WHAT THIS TASK INVOLVES: Nothing but the pictures gets dropped; retype every entry exactly.

══════════

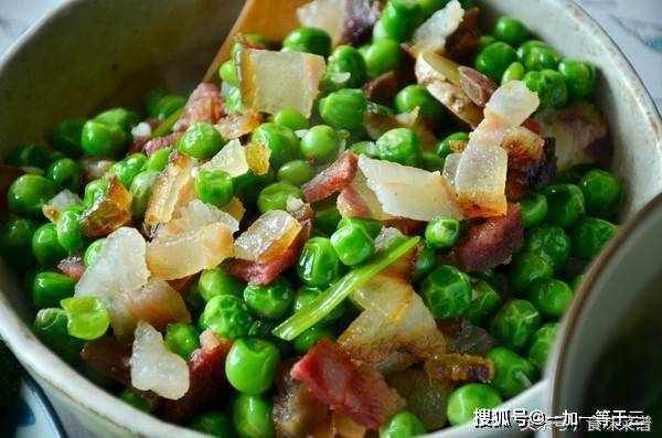 腊肉,青豌豆,生抽,糖,盐,葱,蒜,生粉,料酒,鸡精
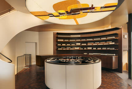 Partly illuminated from the backlit artwork above, the ground floor is given structure by a series of dark stained oak forms that nod to the decorated screens sold in the area’s many antique shops. A backdrop of uniform off-white coats the walls, while a splash of bright orange underneath the staircase echoes the colour palette of Schaller’s painting. Within the consultation areas above, the mood becomes more intimate and domestic with shuttered windows, a carpeted floor and a Fragrance Armoire—a unique piece of furniture that plays host to our range of unconventional Eaux de Parfum.
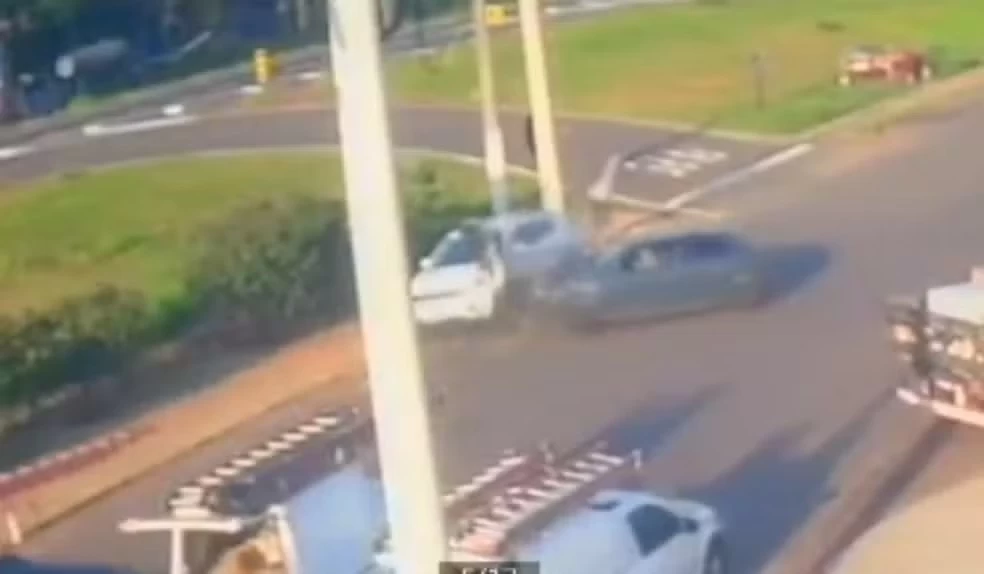 Um motociclista de 44 anos ficou ferido após se envolver em um acidente com dois veículos, na manhã desta quinta-feira, 22, na Avenida Milton Spínola, em Piraju (SP). O momento da colisão foi flagrado por uma câmera de segurança, que registrou o motociclista sendo lançado ao ar após bater de frente com um carro.
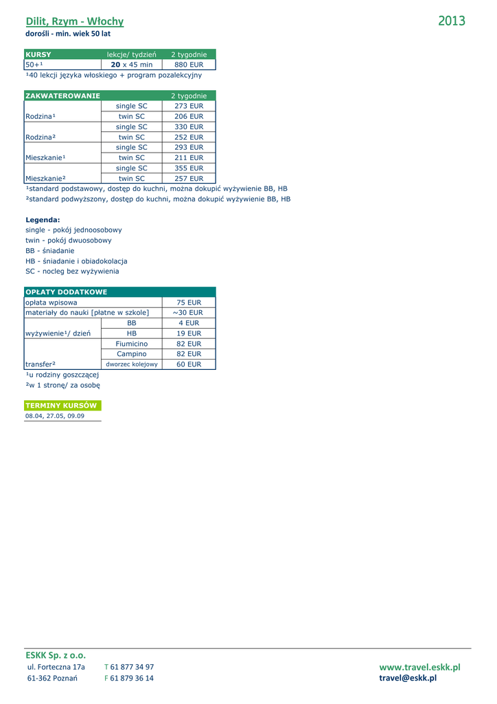 2013 Dilit, Rzym - Włochy dorośli - min. wiek 50 lat KURSY lekcje/ tydzień 2 tygodnie 20 x 45 min 880 EUR 50+¹ ¹40 lekcji języka włoskiego + program pozalekcyjny 2 tygodnie ZAKWATEROWANIE Rodzina¹ Rodzina² Mieszkanie¹ Mieszkanie² single SC 273 EUR twin SC 206 EUR single SC 330 EUR twin SC 252 EUR single SC 293 EUR twin SC 211 EUR single SC 355 EUR twin SC 257 EUR ¹standard podstawowy, dostęp do kuchni, moŜna dokupić wyŜywienie BB, HB ²standard podwyŜszony, dostęp do kuchni, moŜna dokupić wyŜywienie BB, HB Legenda: single - pokój jednoosobowy twin - pokój dwuosobowy BB - śniadanie HB - śniadanie i obiadokolacja SC - nocleg bez wyŜywienia OPŁATY DODATKOWE opłata wpisowa 75 EUR materiały do nauki [płatne w szkole] wyŜywienie¹/ dzień transfer² ~30 EUR BB 4 EUR HB 19 EUR Fiumicino 82 EUR Campino 82 EUR dworzec kolejowy 60 EUR ¹u rodziny goszczącej ²w 1 stronę/ za osobę TERMINY KURSÓW 08.04, 27.05, 09.09 ESKK Sp. z o.o. ul. Forteczna 17a 61-362 Poznań T 61 877 34 97 F 61 879 36 14 www.travel.eskk.pl [email protected]
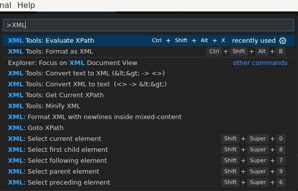 Навигация по XML-файлу Один из этих плагинов добавит в область Explorer раздел XML DOCUMENT. В этом разделе в древовидном виде станет отображаться структура XML-файла (если, конечно, файл корректный). Кликая на дерево, можно быстро перепрыгивать к нужной части XML-документа. Если XML-файл читается XML-парсером, но в нем есть ошибки структуры, то эти ошибки будут доступны во вкладке Problems внизу экрана: Форматирование XML-кода (XML бъютифайер) Чтобы отформатировать XML-документ с правильными отступами и переводом строк, в которых написаны теги, надо выделить весь текст сочетанием Ctrl+A. Затем делается клик правой кнопкой мыши, и в контекстном меню выбирается пункт Format Document. (То же самое можно сделать по сочетанию клавиш Ctrl+Shift+I). Можно считать, что это "встроенный" XML beautifier. Внимание! Если файл большой, то вначале будет казаться, что ничего не происходит. Интерфейс продолжает работать, ничего не зависает, как будто никакой команды на форматирование не давалось. На самом деле, форматирование запускается в фоновом процессе, и когда оно завершится, файл на экране будет изменен. Поэтому стоит просто подождать несколько секунд пока не будет виден результат. Выборка узлов по XPath-запросу Самое главное, что нужно запомнить, чтобы XPath-выборка сработала правильно: Перед запросом выборки, надо курсором встать на тот XML-элемент, внутри которого будет происходить выборка. Если этого не сделать, то поиск будет происходить в том элементе, где находится курсор в текущий момент. Хотя пользователь обычно ожидает, что выборка будет идти по всему XML-документу. Другими словами, чтобы запрос обработал весь XML-документ, надо не забыть встать курсором на корневой элемент. Чтобы сделать выборку через XPath запрос, необходимо вызвать соответствующую команду. Делается это следующим образом. Вначале вызывается Палитра команд. Для этого в меню нажимается: View - Command Palette Или можно просто нажать Ctrl+Shift+P. В открывшейся строке ввода надо набрать строку "XML" и дальше выбрать инструмент с названием: XML Tools: Evaluate XPath Выбор инструмента будет выглядеть примерно так: После выбора инструмента надо нажать Enter. Появится окно, куда необходимо ввести строку запроса XPath: И после нажатия Enter, в окне Output появится содержимое (text content) тех DOM-элементов, которые попали в выборку данного XPath-запроса. Выборка будет показана в виде текстового вывода: XPath Query: //div[@class='prof-item__info']/a[@class='prof-item__spec'] [Line 240] a: Прикладная математика и информатика [Line 318] a: Механика и математическое моделирование [Line 401] a: Статистика [Line 483] a: Математика и компьютерные науки [Line 561] a: Математическое обеспечение и администрирование информационных систем К сожалению, быстро прыгнуть на какой-нибудь найденный узел с помощью мышки не получится. Пока что видно только одно решение этой задачи: нажать Ctrl+G или в меню выбрать: Go - Go To Line/Column И в появившемся поле ввода написать необходимый номер строки и нажать Enter. Редактор VSCode перенесет курсор на заданную строку. |

══════════

RESULT OF THE TASK:
 腊肉,青豌豆,生抽,糖,盐,葱,蒜,生粉,料酒,鸡精
 Partly illuminated from the backlit artwork above, the ground floor is given structure by a series of dark stained oak forms that nod to the decorated screens sold in the area’s many antique shops. A backdrop of uniform off-white coats the walls, while a splash of bright orange underneath the staircase echoes the colour palette of Schaller’s painting. Within the consultation areas above, the mood becomes more intimate and domestic with shuttered windows, a carpeted floor and a Fragrance Armoire—a unique piece of furniture that plays host to our range of unconventional Eaux de Parfum.
 Um motociclista de 44 anos ficou ferido após se envolver em um acidente com dois veículos, na manhã desta quinta-feira, 22, na Avenida Milton Spínola, em Piraju (SP). O momento da colisão foi flagrado por uma câmera de segurança, que registrou o motociclista sendo lançado ao ar após bater de frente com um carro.
 2013 Dilit, Rzym - Włochy dorośli - min. wiek 50 lat KURSY lekcje/ tydzień 2 tygodnie 20 x 45 min 880 EUR 50+¹ ¹40 lekcji języka włoskiego + program pozalekcyjny 2 tygodnie ZAKWATEROWANIE Rodzina¹ Rodzina² Mieszkanie¹ Mieszkanie² single SC 273 EUR twin SC 206 EUR single SC 330 EUR twin SC 252 EUR single SC 293 EUR twin SC 211 EUR single SC 355 EUR twin SC 257 EUR ¹standard podstawowy, dostęp do kuchni, moŜna dokupić wyŜywienie BB, HB ²standard podwyŜszony, dostęp do kuchni, moŜna dokupić wyŜywienie BB, HB Legenda: single - pokój jednoosobowy twin - pokój dwuosobowy BB - śniadanie HB - śniadanie i obiadokolacja SC - nocleg bez wyŜywienia OPŁATY DODATKOWE opłata wpisowa 75 EUR materiały do nauki [płatne w szkole] wyŜywienie¹/ dzień transfer² ~30 EUR BB 4 EUR HB 19 EUR Fiumicino 82 EUR Campino 82 EUR dworzec kolejowy 60 EUR ¹u rodziny goszczącej ²w 1 stronę/ za osobę TERMINY KURSÓW 08.04, 27.05, 09.09 ESKK Sp. z o.o. ul. Forteczna 17a 61-362 Poznań T 61 877 34 97 F 61 879 36 14 www.travel.eskk.pl [email protected]
 Навигация по XML-файлу Один из этих плагинов добавит в область Explorer раздел XML DOCUMENT. В этом разделе в древовидном виде станет отображаться структура XML-файла (если, конечно, файл корректный). Кликая на дерево, можно быстро перепрыгивать к нужной части XML-документа. Если XML-файл читается XML-парсером, но в нем есть ошибки структуры, то эти ошибки будут доступны во вкладке Problems внизу экрана: Форматирование XML-кода (XML бъютифайер) Чтобы отформатировать XML-документ с правильными отступами и переводом строк, в которых написаны теги, надо выделить весь текст сочетанием Ctrl+A. Затем делается клик правой кнопкой мыши, и в контекстном меню выбирается пункт Format Document. (То же самое можно сделать по сочетанию клавиш Ctrl+Shift+I). Можно считать, что это "встроенный" XML beautifier. Внимание! Если файл большой, то вначале будет казаться, что ничего не происходит. Интерфейс продолжает работать, ничего не зависает, как будто никакой команды на форматирование не давалось. На самом деле, форматирование запускается в фоновом процессе, и когда оно завершится, файл на экране будет изменен. Поэтому стоит просто подождать несколько секунд пока не будет виден результат. Выборка узлов по XPath-запросу Самое главное, что нужно запомнить, чтобы XPath-выборка сработала правильно: Перед запросом выборки, надо курсором встать на тот XML-элемент, внутри которого будет происходить выборка. Если этого не сделать, то поиск будет происходить в том элементе, где находится курсор в текущий момент. Хотя пользователь обычно ожидает, что выборка будет идти по всему XML-документу. Другими словами, чтобы запрос обработал весь XML-документ, надо не забыть встать курсором на корневой элемент. Чтобы сделать выборку через XPath запрос, необходимо вызвать соответствующую команду. Делается это следующим образом. Вначале вызывается Палитра команд. Для этого в меню нажимается: View - Command Palette Или можно просто нажать Ctrl+Shift+P. В открывшейся строке ввода надо набрать строку "XML" и дальше выбрать инструмент с названием: XML Tools: Evaluate XPath Выбор инструмента будет выглядеть примерно так: После выбора инструмента надо нажать Enter. Появится окно, куда необходимо ввести строку запроса XPath: И после нажатия Enter, в окне Output появится содержимое (text content) тех DOM-элементов, которые попали в выборку данного XPath-запроса. Выборка будет показана в виде текстового вывода: XPath Query: //div[@class='prof-item__info']/a[@class='prof-item__spec'] [Line 240] a: Прикладная математика и информатика [Line 318] a: Механика и математическое моделирование [Line 401] a: Статистика [Line 483] a: Математика и компьютерные науки [Line 561] a: Математическое обеспечение и администрирование информационных систем К сожалению, быстро прыгнуть на какой-нибудь найденный узел с помощью мышки не получится. Пока что видно только одно решение этой задачи: нажать Ctrl+G или в меню выбрать: Go - Go To Line/Column И в появившемся поле ввода написать необходимый номер строки и нажать Enter. Редактор VSCode перенесет курсор на заданную строку. |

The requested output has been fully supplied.